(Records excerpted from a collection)

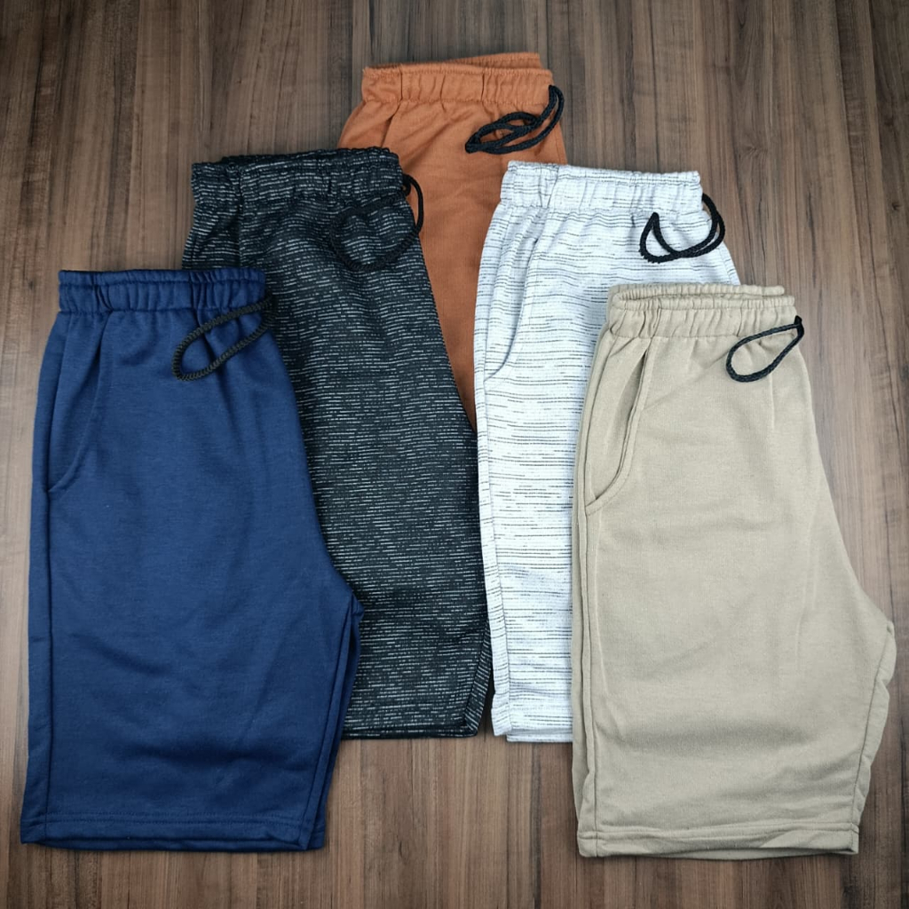 Kit Sortido 5 Bermudas Moletom Premium Masculina, Com Bolsos Laterais - Moda Casual e Esportiva
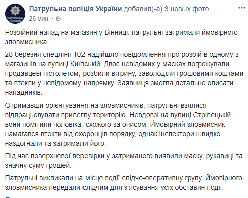 В Виннице полиция задержала предполагаемого грабителя, который совершил разбойное нападение на магазин. Об этом говорится на странице патрульной полиции в Facebook.
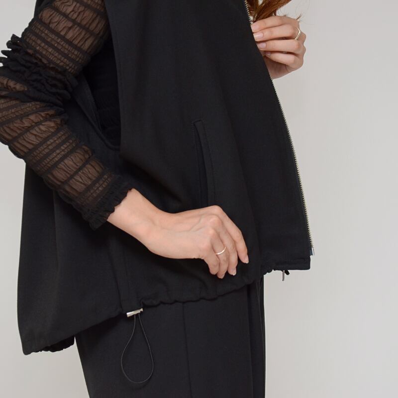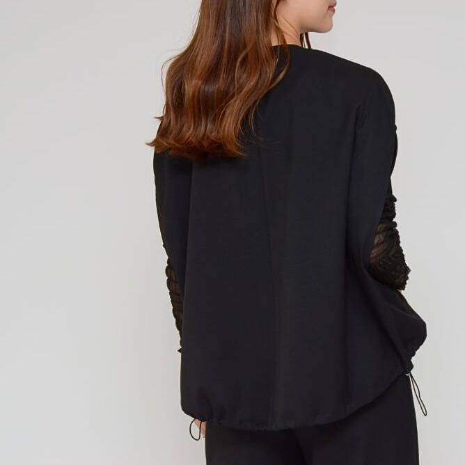 裾はゴムとドロストデザインで、シルエットの変化を楽しめるのもポイントです。
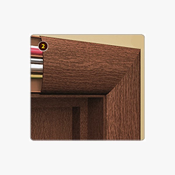 Для отделки используются такие же ламинат и шпон, как и для всей одноименной конструкции из МДФ или ДСП.
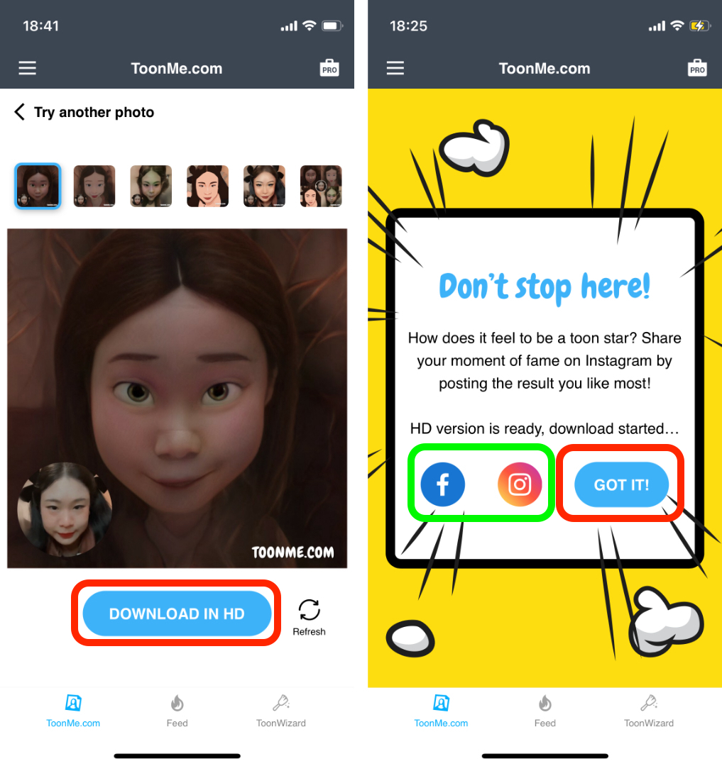 หลังจากนั้นรูปการ์ตูนของเราก็จะเข้าไปอยู่ที่แอปรูปภาพ (Photos)ในเครื่องเรา และเรายังสามารแชร์รูปไปที่แอป Facebook และ Instagram ได้ด้วย ถ้าหากไม่ต้องการแชร์ให้แตะคำว่า “GOT IT!”
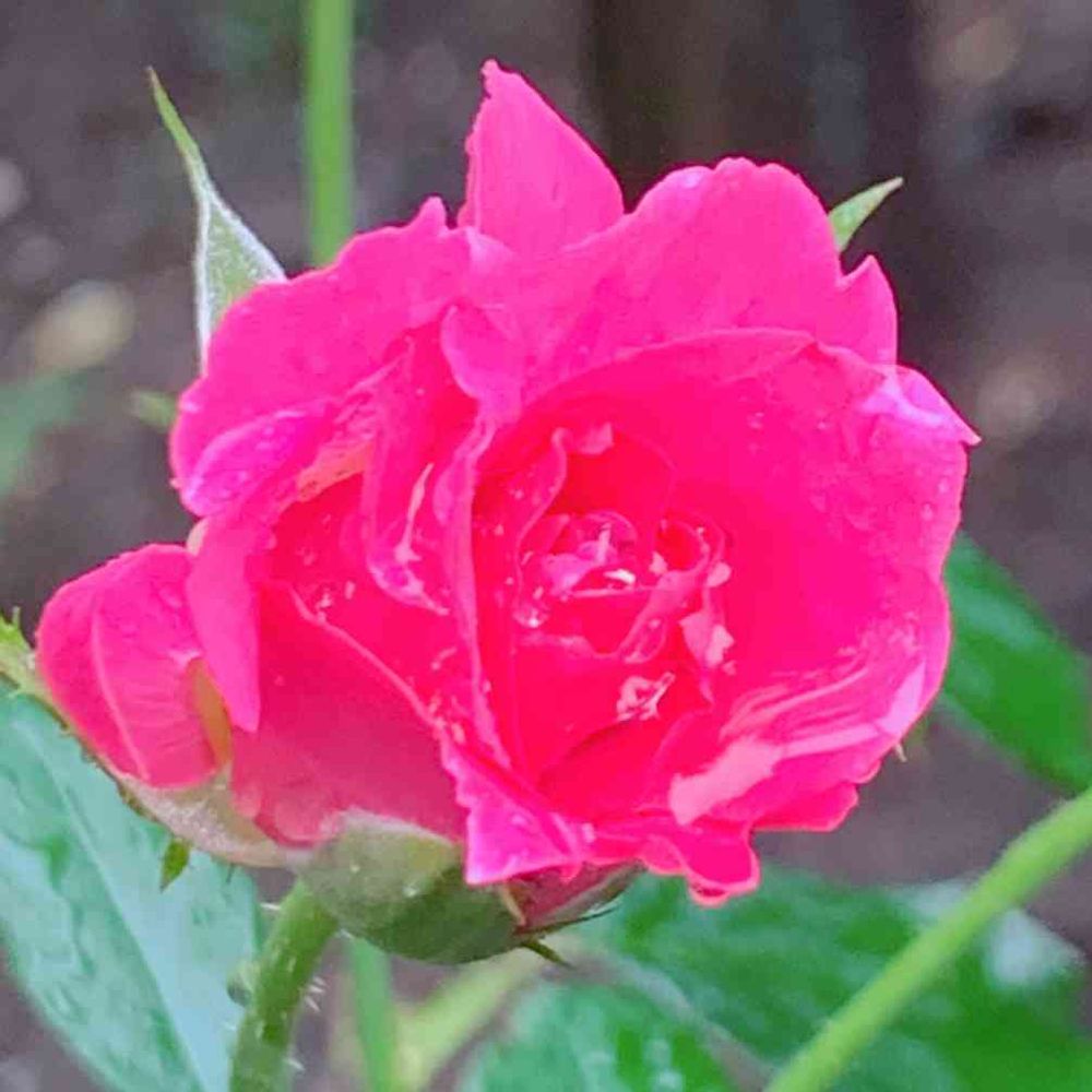 雨の中元気なバラ🌹

> Description of the task
All lines from the one with "(Photos)ในเครื่องเรา และเรายังสามารแชร์รูปไปที่แอป Facebook" through the end of the records above must be reproduced exactly, both ends included, and the pictures must be left out.

> Answer
 หลังจากนั้นรูปการ์ตูนของเราก็จะเข้าไปอยู่ที่แอปรูปภาพ (Photos)ในเครื่องเรา และเรายังสามารแชร์รูปไปที่แอป Facebook และ Instagram ได้ด้วย ถ้าหากไม่ต้องการแชร์ให้แตะคำว่า “GOT IT!”
 雨の中元気なバラ🌹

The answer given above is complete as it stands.